No longer. What with hound-dog investigating judges, fed-up politicos and a restive rabble, a series of dramatic skirmishes now reverberate in the highest places.
Jacques Chirac, still wildly popular two years after leaving the Elysee Palace, was charged with creating 21 phony jobs for cronies when he was mayor of Paris.
Charles Pasqua, Chirac’s powerful interior minister, was sentenced to a year of hard time over an African arms deal. In a news conference, he implicated the ex-president.
Pasqua was convicted of arranging a medal for Arcadi Gayadamak, a Russian arms dealer, in exchange for a large donation to an association of which he was vice president.
“Can anyone imagine for one minute that I would prostitute myself over a decoration?” he asked. Later, he said, “The real question is why, if this arms sale was illegal, didn’t Chirac stop it.”
Meantime, President Nicolas Sarkozy hauled former Prime Minister Dominique de Villepin into court, saying he spread false corruption rumors as a campaign tactic. Even a suspended sentence would keep Villepin from public office.
As Sarkozy smarted from criticism that he was taking vengeance too far, a storm broke over the plum job about to go to his 23-year-old son, Jean, a second-year law student.
Sarkozy’s partisans on the Hauts de Seine council had tapped Jean to oversee La Defense, Europe’s largest skyscraper park, at the western edge of Paris.
Senior people in the president’s party decried what they called nepotism, an unseemly fast track for a controversial young man many call Prince Jean.

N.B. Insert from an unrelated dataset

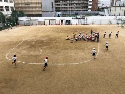 見ると小さいトラックの周りを子どもたちが走り、競争をしています。

At last moment, Jean withdrew. He said he did not speak to the president about his decision. But, he added, he talked to his father.
When it was over, John Lichfield of the London Independent quoted an unnamed National Assemblyman in Sarkozy’s UMP party:
“It is infuriating and disturbing that the president cannot see the harm he is doing to himself. You have to remember that Sarkozy was elected as a man who would break down the barriers to success in France, the real barriers but also the invisible, psychological barriers.”
True enough, Sarkozy rose as a technocrat, the son of Hungarian parents, who campaigned on a promise to make France more egalitarian, freed from a narrow ruling elite.
“For the first time, France successfully stood up for its own values, against those of Mr. Sarkozy,” Lichfield concluded. “The French Republic 1, The Emperor Nicolas Sarkozy 0.”